══ DATASET EXCERPT

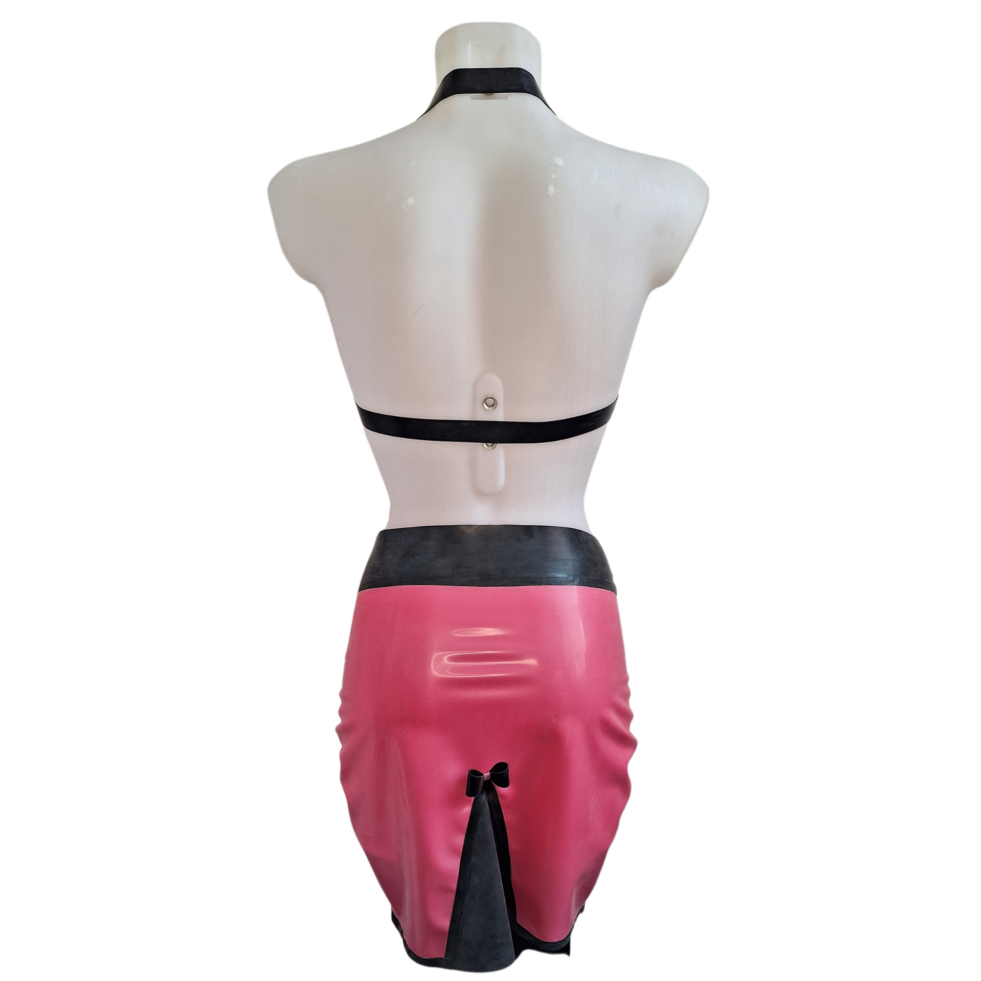 Bring out your inner Barbie with this Metallic Fuchsia Pink & Black Kick Flare Skirt & O Ring Bra Set! This set includes a beautiful O ring bra and a matching kick flare skirt, both finished in metallic fuchsia pink with black accents. The skirt features a black kick flare at the back, which is trimmed in black and finished with a cute black bow, adding a touch of elegance to your outfit.
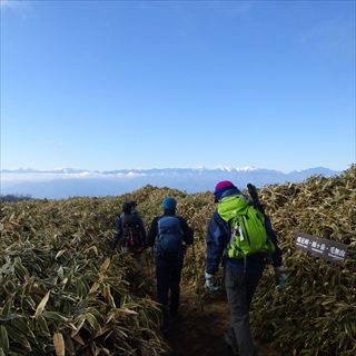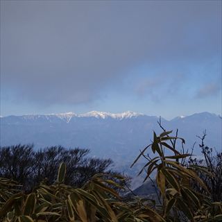 竜ヶ岳に向かう道はクマザサに囲まれていた。 途中からは雪をかぶった南アルプスも見えていました。
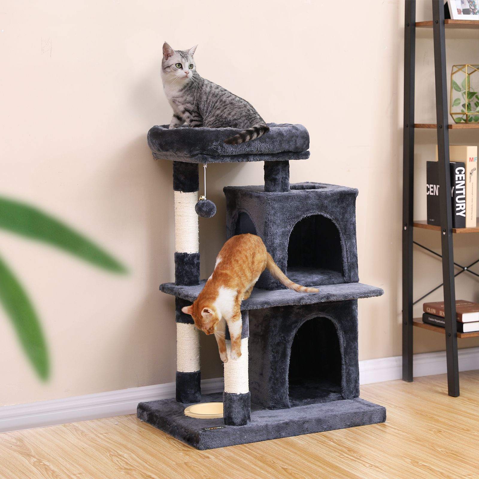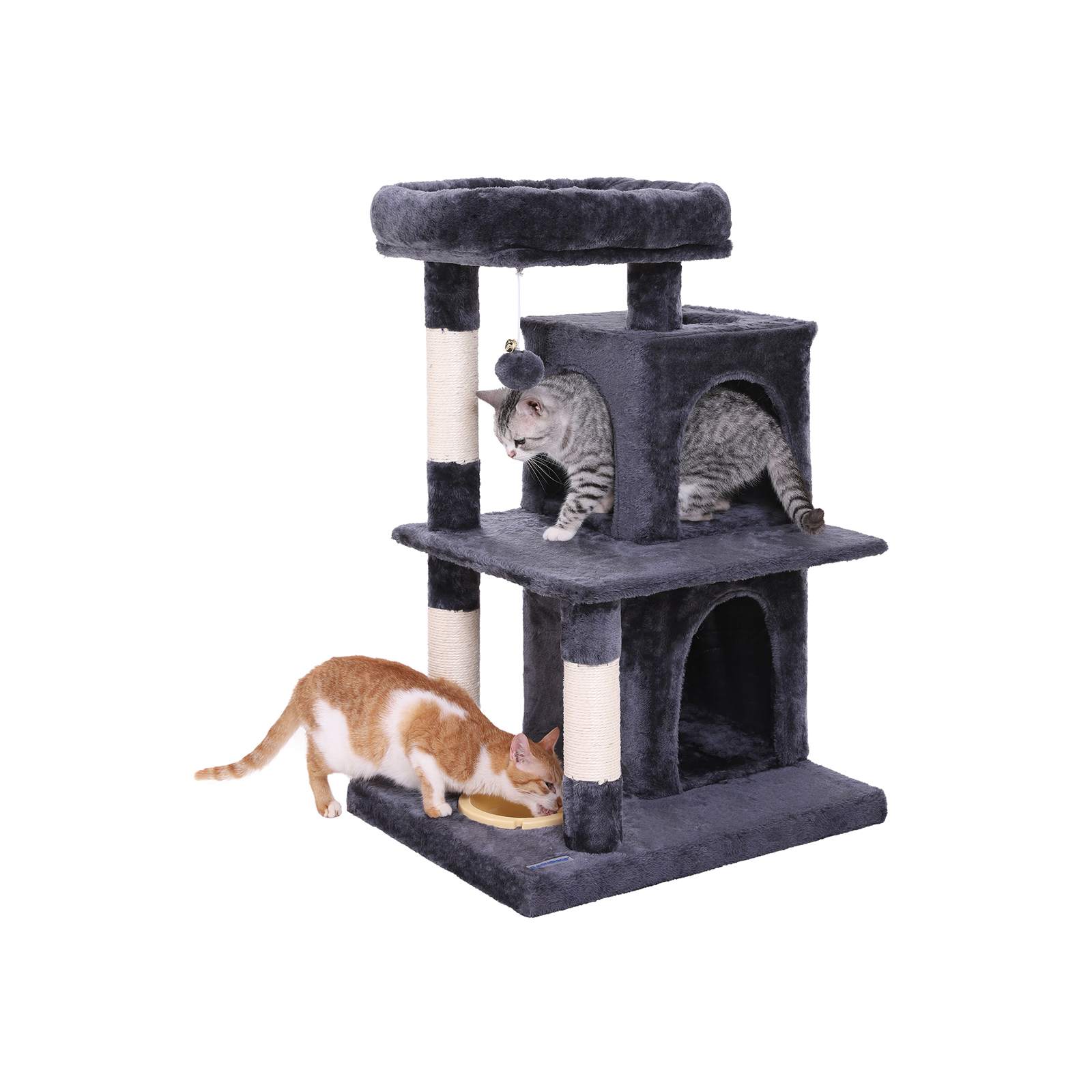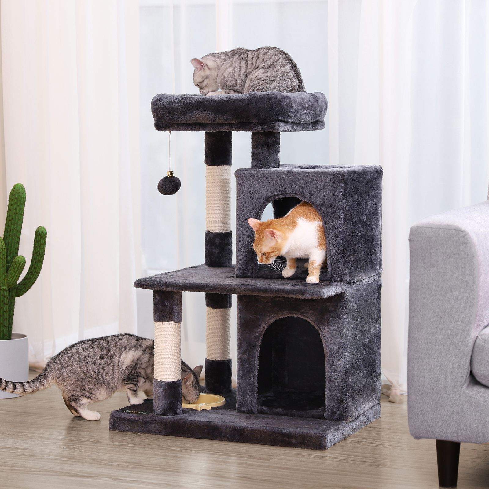 FEANDREA kradsetr?er har alle de egenskaber, du har brug for, for at dine katte kan trives. FODRING ? Med fodersk?len p? den nederste plade bliver dette kradsetr? aldrig kedeligt for dine killinger. AFSLAPNING ? Luksuri?s liggeflade med polstret kant giver en f?rsteklasses loungeoplevelse.KL? ? Tykke stammer, der er omviklet med naturligt sisalreb, hj?lper dine katte med at str?kke sig og slibe kl?erne. LUR ? Takket v?re de hyggelige huler har dine katte endelig deres egne senge og kan slutte fred med hinanden. Produktdetaljer: – Farve: antracit – Materiale: sp?nplade, plys, sisalreb – M?l: 50 x 40 x 85 cm (B x D x H) – V?gt: 13,4 kg Leveringsomfang: – 1 x kradsetr? – 1 x vejledning (DE, EN, FR, IT, ES) FEANDREA Bem?rkninger:- Hvis din kat begynder at spise eller tygge p? pelsbolde eller elastikb?nd, skal du fjerne leget?jet og opbevare det uden for din kats r?kkevidde. – Efter udpakning skal du placere kradsetr?et p? et godt ventileret sted for at fjerne eventuelle lugte og lade det luftes ud.- Kontroller regelm?ssigt, at skruerne sidder fast, for at sikre sikker brug. – Stil kradsetr?et p? et fladt underlag, s? det l?ner sig op ad v?ggen.

════

**EXERCISE INSTRUCTIONS:**
Please reproduce only the lines from the one holding "竜ヶ岳に向かう道はクマザサに" through the final line of the listing above, both included, with each picture left out.

**ANSWER FOR THIS EXERCISE:**
 竜ヶ岳に向かう道はクマザサに囲まれていた。 途中からは雪をかぶった南アルプスも見えていました。
 FEANDREA kradsetr?er har alle de egenskaber, du har brug for, for at dine katte kan trives. FODRING ? Med fodersk?len p? den nederste plade bliver dette kradsetr? aldrig kedeligt for dine killinger. AFSLAPNING ? Luksuri?s liggeflade med polstret kant giver en f?rsteklasses loungeoplevelse.KL? ? Tykke stammer, der er omviklet med naturligt sisalreb, hj?lper dine katte med at str?kke sig og slibe kl?erne. LUR ? Takket v?re de hyggelige huler har dine katte endelig deres egne senge og kan slutte fred med hinanden. Produktdetaljer: – Farve: antracit – Materiale: sp?nplade, plys, sisalreb – M?l: 50 x 40 x 85 cm (B x D x H) – V?gt: 13,4 kg Leveringsomfang: – 1 x kradsetr? – 1 x vejledning (DE, EN, FR, IT, ES) FEANDREA Bem?rkninger:- Hvis din kat begynder at spise eller tygge p? pelsbolde eller elastikb?nd, skal du fjerne leget?jet og opbevare det uden for din kats r?kkevidde. – Efter udpakning skal du placere kradsetr?et p? et godt ventileret sted for at fjerne eventuelle lugte og lade det luftes ud.- Kontroller regelm?ssigt, at skruerne sidder fast, for at sikre sikker brug. – Stil kradsetr?et p? et fladt underlag, s? det l?ner sig op ad v?ggen.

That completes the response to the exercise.